== Provided data ==
----------
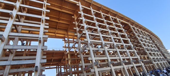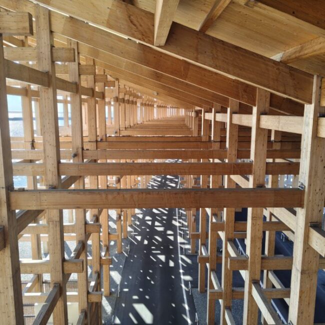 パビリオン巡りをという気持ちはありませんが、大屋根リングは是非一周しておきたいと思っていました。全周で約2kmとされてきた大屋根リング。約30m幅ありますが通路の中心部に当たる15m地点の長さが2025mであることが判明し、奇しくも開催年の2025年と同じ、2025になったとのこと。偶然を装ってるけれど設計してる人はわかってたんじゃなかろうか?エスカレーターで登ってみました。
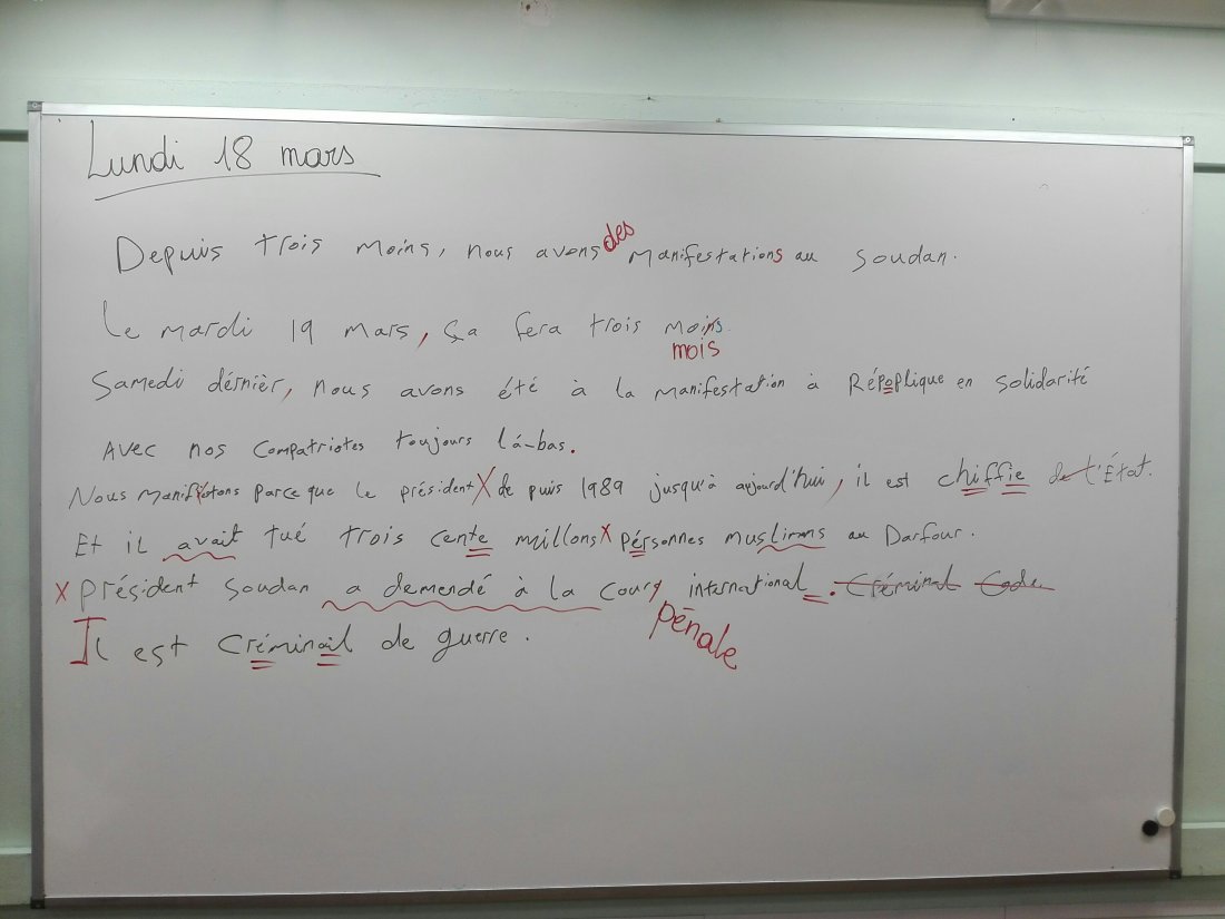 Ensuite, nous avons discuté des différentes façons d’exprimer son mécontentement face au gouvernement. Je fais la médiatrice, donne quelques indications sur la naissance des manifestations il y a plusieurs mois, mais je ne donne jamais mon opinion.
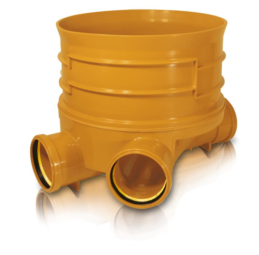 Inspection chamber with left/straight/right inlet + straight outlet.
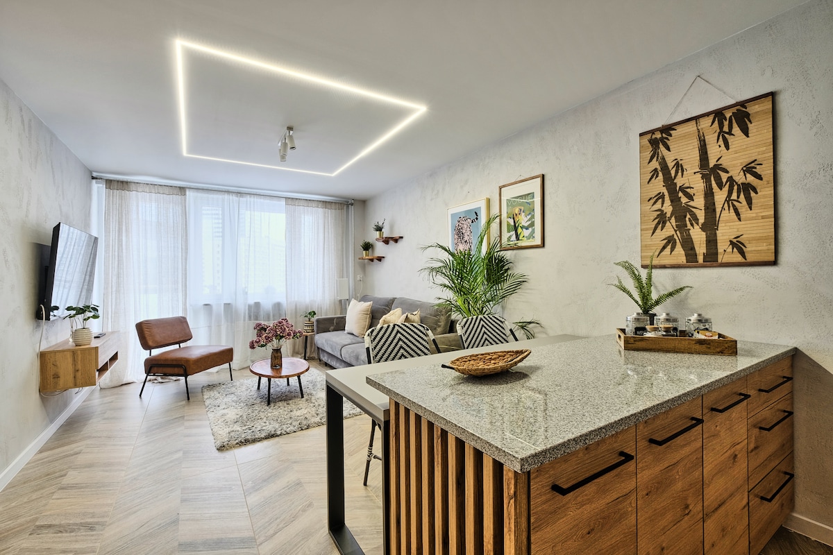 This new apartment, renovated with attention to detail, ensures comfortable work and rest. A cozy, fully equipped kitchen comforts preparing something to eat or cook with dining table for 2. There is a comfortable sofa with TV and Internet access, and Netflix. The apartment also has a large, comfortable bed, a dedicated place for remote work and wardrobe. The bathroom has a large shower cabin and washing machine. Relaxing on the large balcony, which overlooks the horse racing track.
----------
== Assigned task ==
The expected output is the lines from the line that contains "Inspection chamber with" through the last line of the material, reproduced exactly, with both ends present and pictures absent.

== Expected answer ==
 Inspection chamber with left/straight/right inlet + straight outlet.
 This new apartment, renovated with attention to detail, ensures comfortable work and rest. A cozy, fully equipped kitchen comforts preparing something to eat or cook with dining table for 2. There is a comfortable sofa with TV and Internet access, and Netflix. The apartment also has a large, comfortable bed, a dedicated place for remote work and wardrobe. The bathroom has a large shower cabin and washing machine. Relaxing on the large balcony, which overlooks the horse racing track.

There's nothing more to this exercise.